[TASK] Here is the task for the listing below: output exactly the lines from the one containing "Garden Beauty Booklet" through the one containing "18/05 TROFEO ESCUELAS", and leave out the pictures.

[ENTRIES SHOWN]
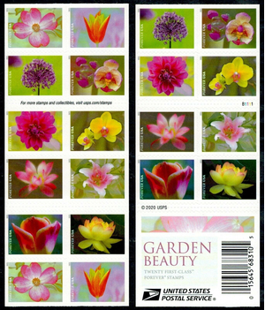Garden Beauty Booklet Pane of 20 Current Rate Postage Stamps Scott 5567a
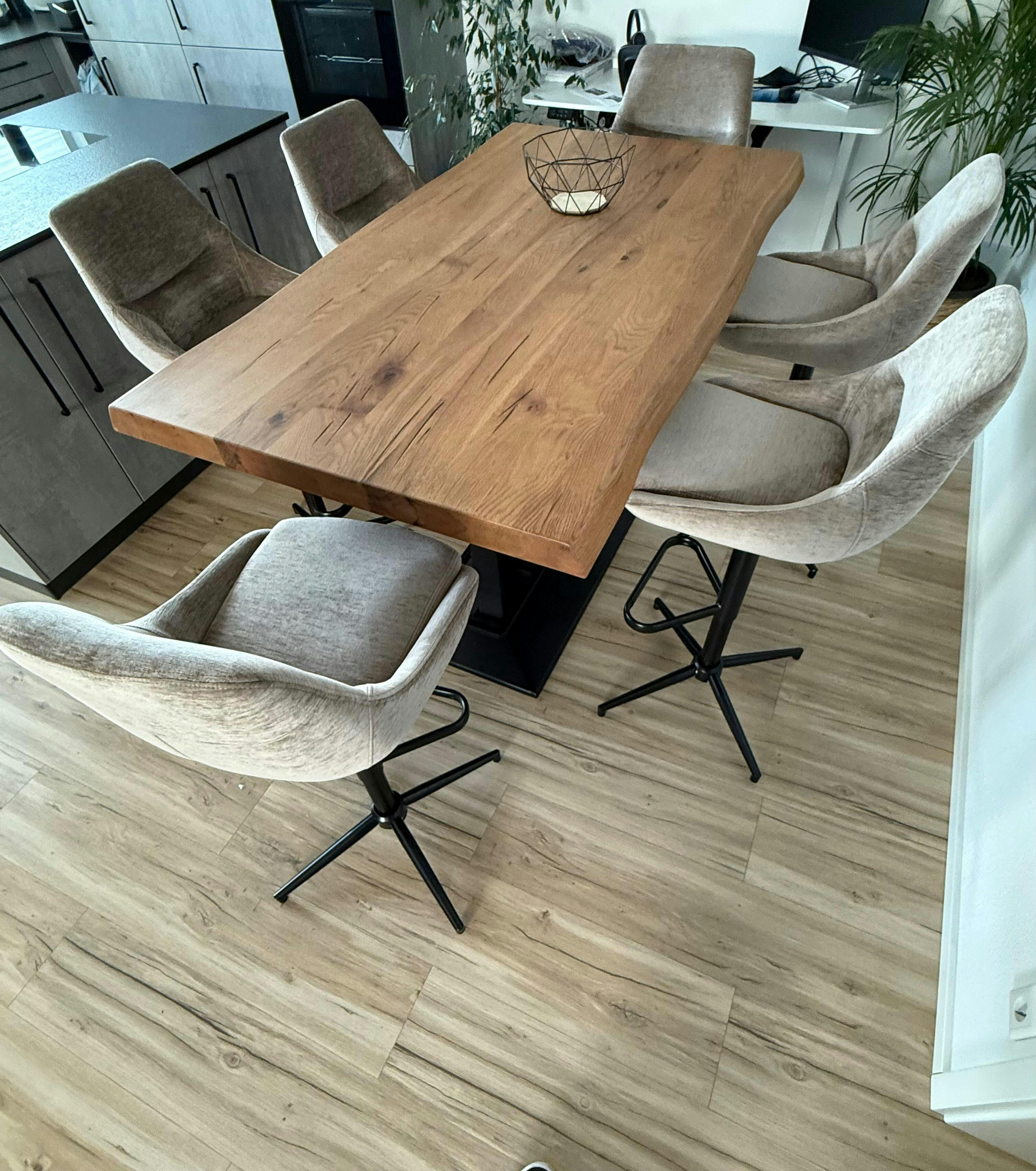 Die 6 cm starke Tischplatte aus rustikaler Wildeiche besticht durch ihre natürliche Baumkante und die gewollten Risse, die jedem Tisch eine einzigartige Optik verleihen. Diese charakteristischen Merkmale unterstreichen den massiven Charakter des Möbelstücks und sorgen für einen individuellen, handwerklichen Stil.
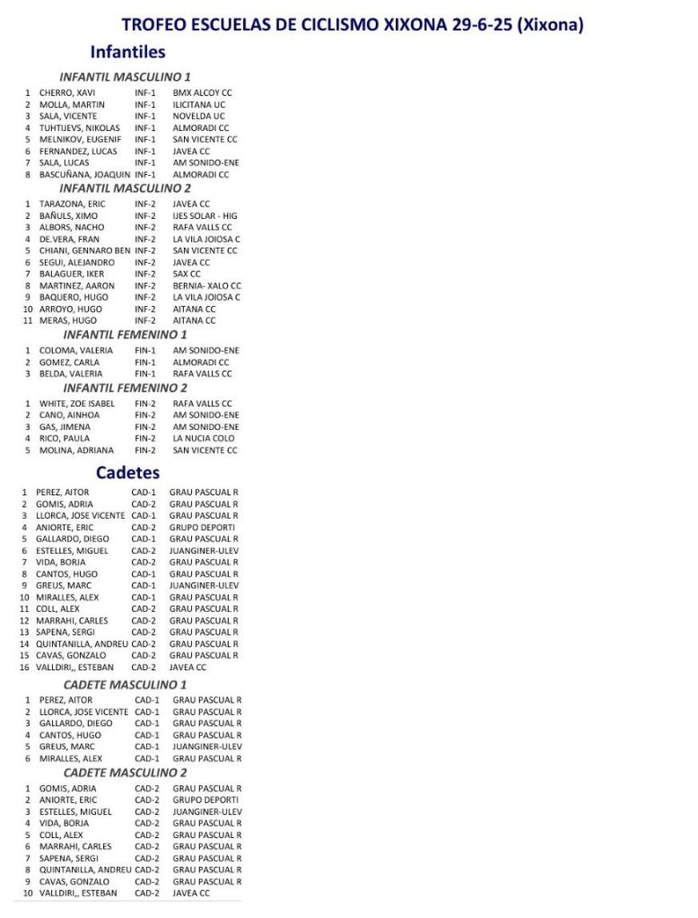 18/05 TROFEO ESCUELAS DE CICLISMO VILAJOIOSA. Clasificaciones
--
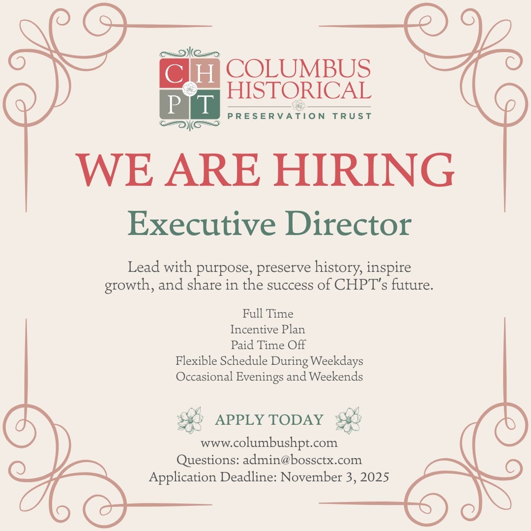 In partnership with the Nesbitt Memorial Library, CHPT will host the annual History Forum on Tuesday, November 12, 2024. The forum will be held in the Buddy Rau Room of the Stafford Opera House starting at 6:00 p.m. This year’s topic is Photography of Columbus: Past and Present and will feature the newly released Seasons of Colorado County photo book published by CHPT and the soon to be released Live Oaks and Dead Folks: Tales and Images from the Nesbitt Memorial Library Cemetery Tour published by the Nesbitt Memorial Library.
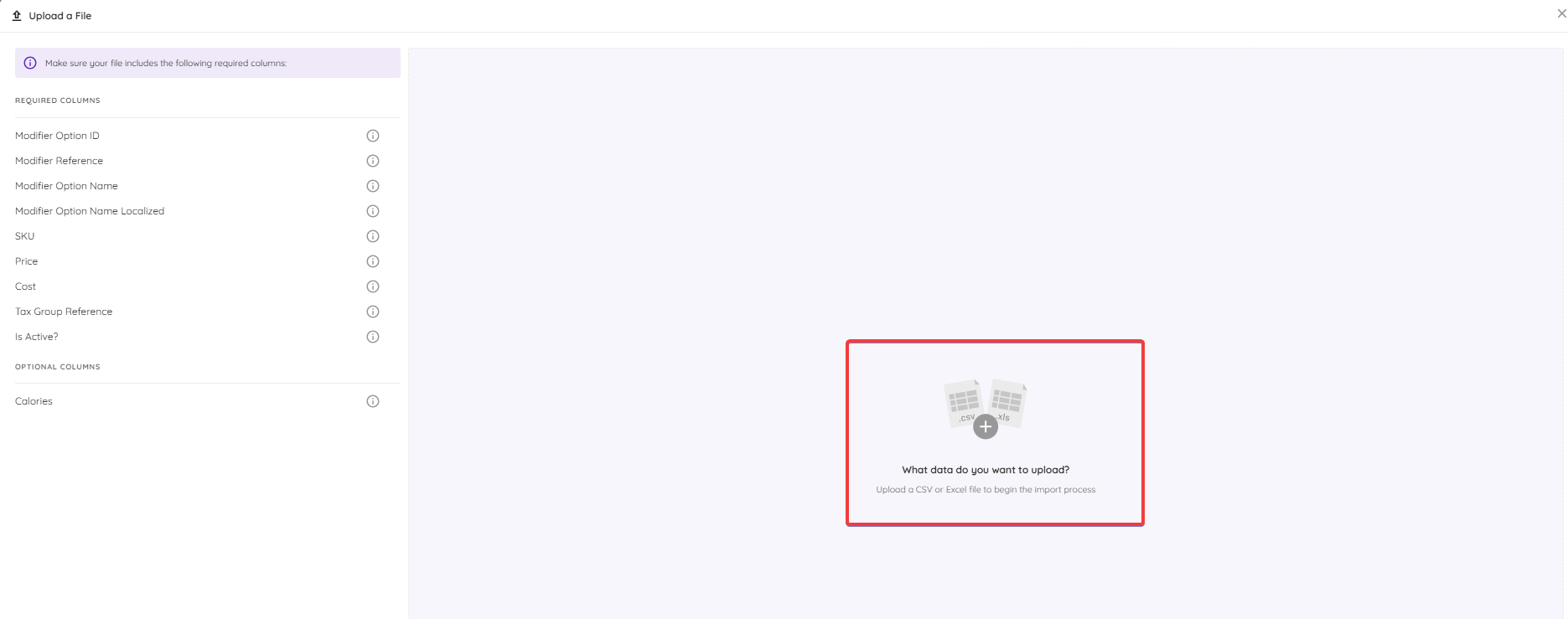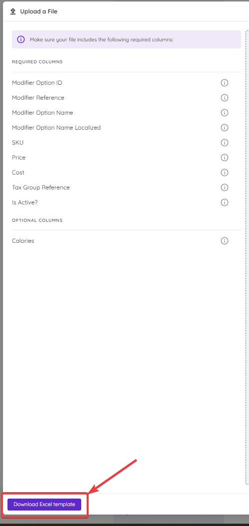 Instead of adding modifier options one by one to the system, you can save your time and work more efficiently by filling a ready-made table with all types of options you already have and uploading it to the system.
---
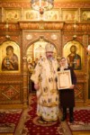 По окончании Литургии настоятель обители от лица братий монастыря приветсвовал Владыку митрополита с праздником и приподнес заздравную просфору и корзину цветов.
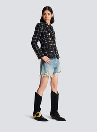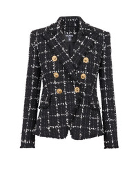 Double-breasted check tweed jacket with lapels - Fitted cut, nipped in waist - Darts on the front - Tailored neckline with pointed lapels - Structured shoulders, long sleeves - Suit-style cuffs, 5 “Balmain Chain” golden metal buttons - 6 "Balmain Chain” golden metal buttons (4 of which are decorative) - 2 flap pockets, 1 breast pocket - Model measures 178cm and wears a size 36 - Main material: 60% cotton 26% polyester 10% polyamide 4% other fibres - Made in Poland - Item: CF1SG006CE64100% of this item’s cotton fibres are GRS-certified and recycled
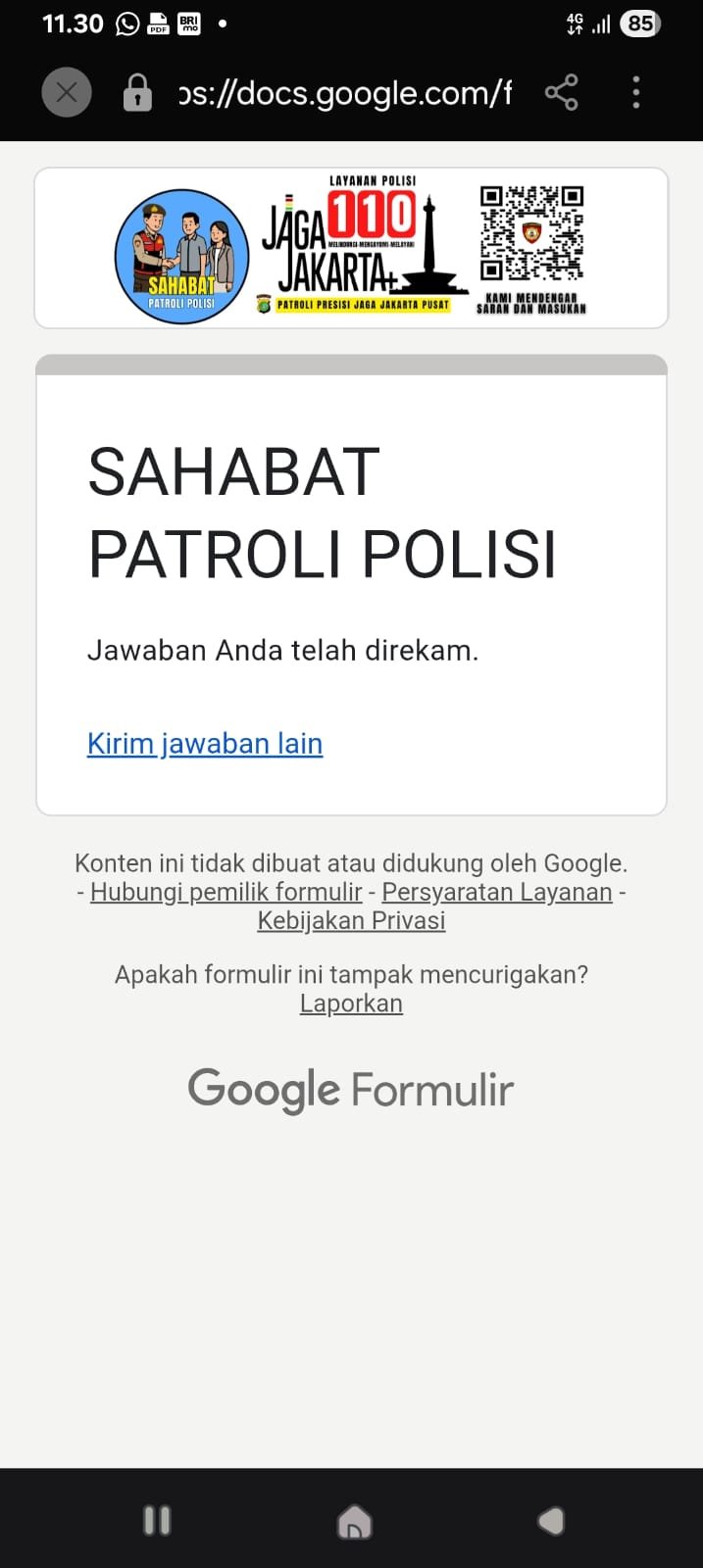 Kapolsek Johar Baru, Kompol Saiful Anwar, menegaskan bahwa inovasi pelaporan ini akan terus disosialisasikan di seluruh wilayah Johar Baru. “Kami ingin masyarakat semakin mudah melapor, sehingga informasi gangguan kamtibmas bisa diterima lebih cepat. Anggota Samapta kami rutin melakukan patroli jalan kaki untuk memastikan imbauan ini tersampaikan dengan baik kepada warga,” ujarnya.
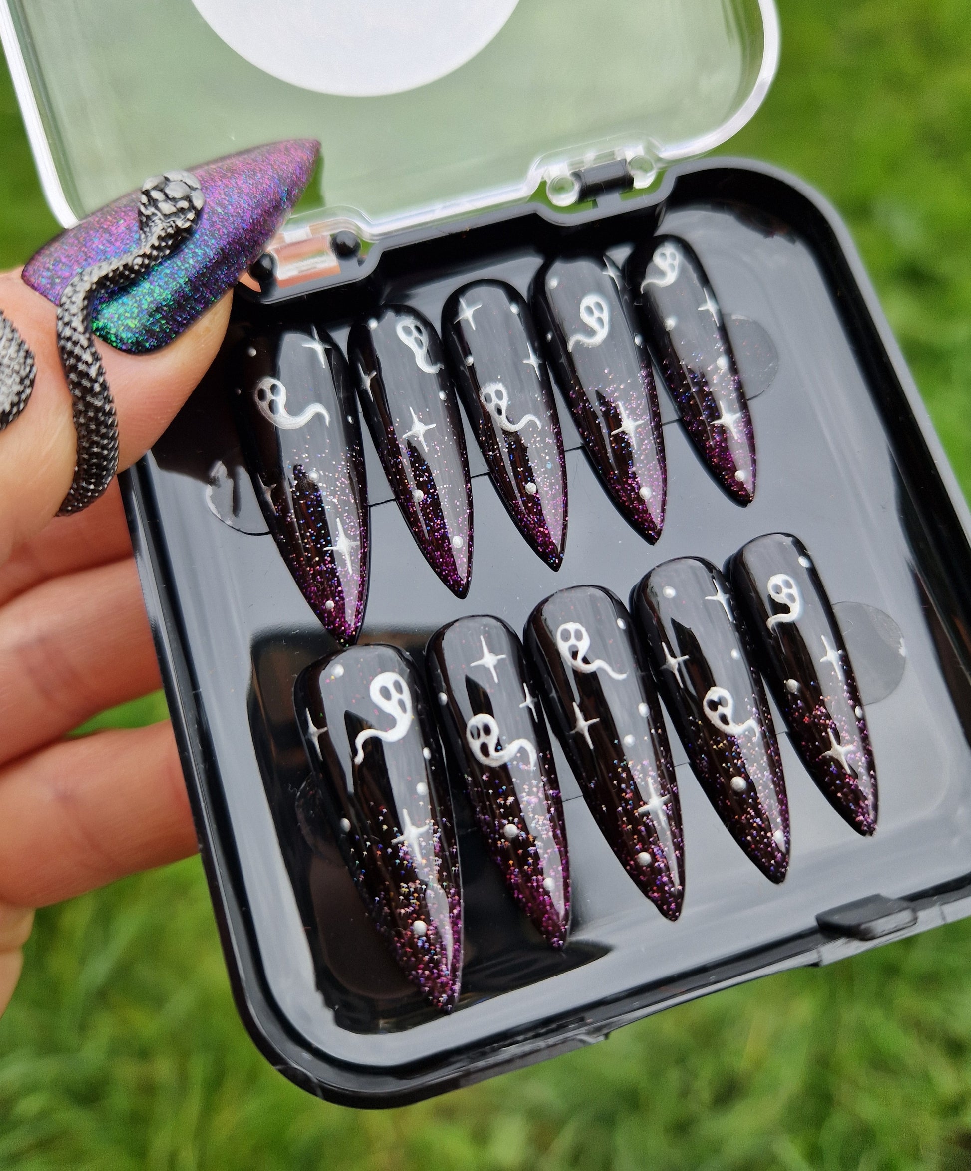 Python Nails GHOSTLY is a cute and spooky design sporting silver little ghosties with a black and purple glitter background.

[ANSWER TO THIS PROBLEM]
Garden Beauty Booklet Pane of 20 Current Rate Postage Stamps Scott 5567a
 Die 6 cm starke Tischplatte aus rustikaler Wildeiche besticht durch ihre natürliche Baumkante und die gewollten Risse, die jedem Tisch eine einzigartige Optik verleihen. Diese charakteristischen Merkmale unterstreichen den massiven Charakter des Möbelstücks und sorgen für einen individuellen, handwerklichen Stil.
 18/05 TROFEO ESCUELAS DE CICLISMO VILAJOIOSA. Clasificaciones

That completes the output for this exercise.